::: DATA BELOW

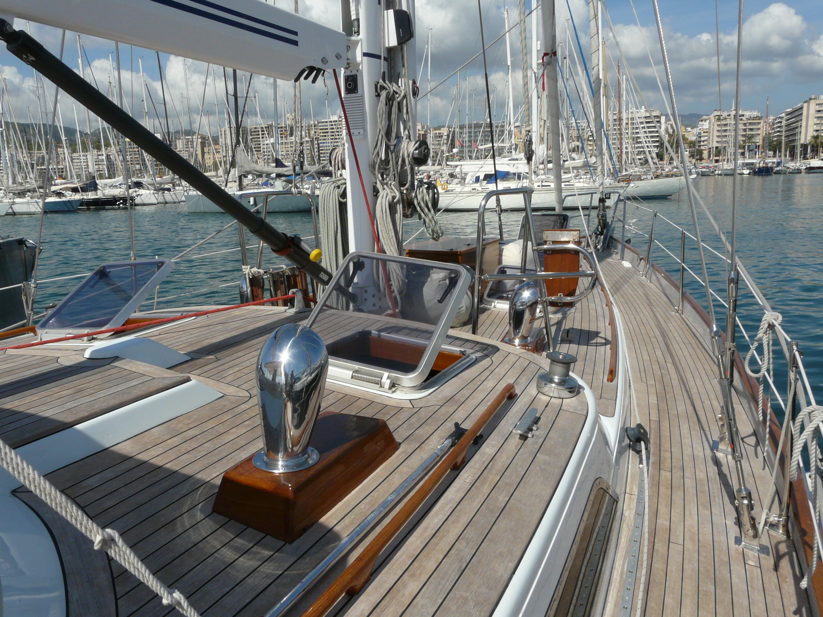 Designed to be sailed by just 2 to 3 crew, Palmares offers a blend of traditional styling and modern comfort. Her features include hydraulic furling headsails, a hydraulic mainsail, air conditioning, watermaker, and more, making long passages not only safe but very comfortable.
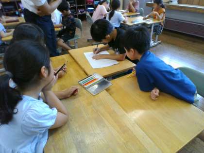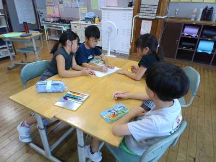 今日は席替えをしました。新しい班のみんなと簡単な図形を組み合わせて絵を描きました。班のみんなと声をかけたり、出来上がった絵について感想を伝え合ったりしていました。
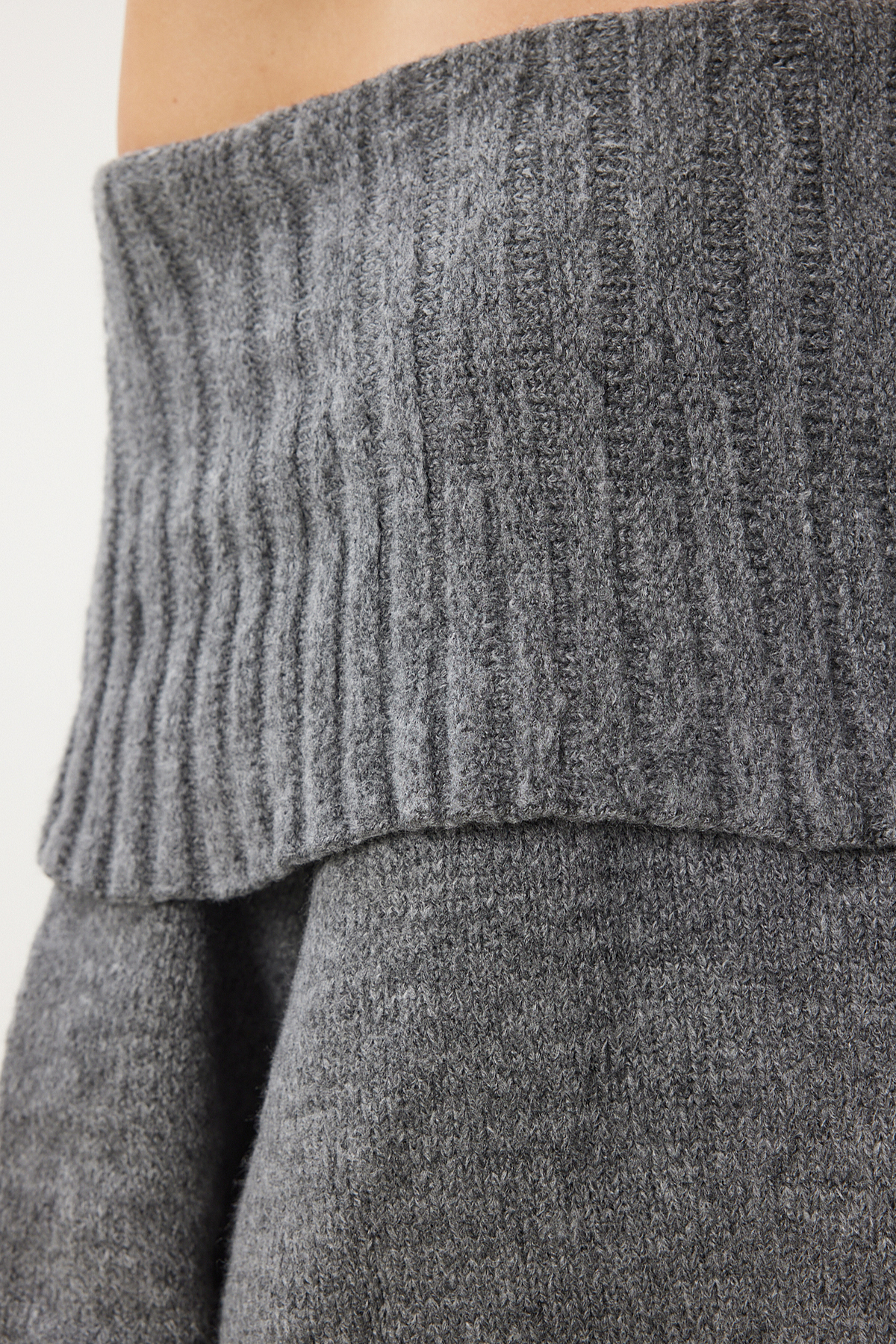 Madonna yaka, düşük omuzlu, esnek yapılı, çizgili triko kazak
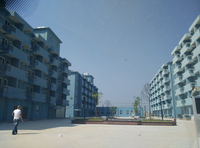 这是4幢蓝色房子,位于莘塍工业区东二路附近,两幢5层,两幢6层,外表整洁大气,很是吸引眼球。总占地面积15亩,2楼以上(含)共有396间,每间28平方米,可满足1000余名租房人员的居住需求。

::::::

:: INSTRUCTIONS TO FOLLOW ::
Without including any picture, reproduce the material above word for word.

:: RESPONSE TO THE TASK ::
 Designed to be sailed by just 2 to 3 crew, Palmares offers a blend of traditional styling and modern comfort. Her features include hydraulic furling headsails, a hydraulic mainsail, air conditioning, watermaker, and more, making long passages not only safe but very comfortable.
 今日は席替えをしました。新しい班のみんなと簡単な図形を組み合わせて絵を描きました。班のみんなと声をかけたり、出来上がった絵について感想を伝え合ったりしていました。
 Madonna yaka, düşük omuzlu, esnek yapılı, çizgili triko kazak
 这是4幢蓝色房子,位于莘塍工业区东二路附近,两幢5层,两幢6层,外表整洁大气,很是吸引眼球。总占地面积15亩,2楼以上(含)共有396间,每间28平方米,可满足1000余名租房人员的居住需求。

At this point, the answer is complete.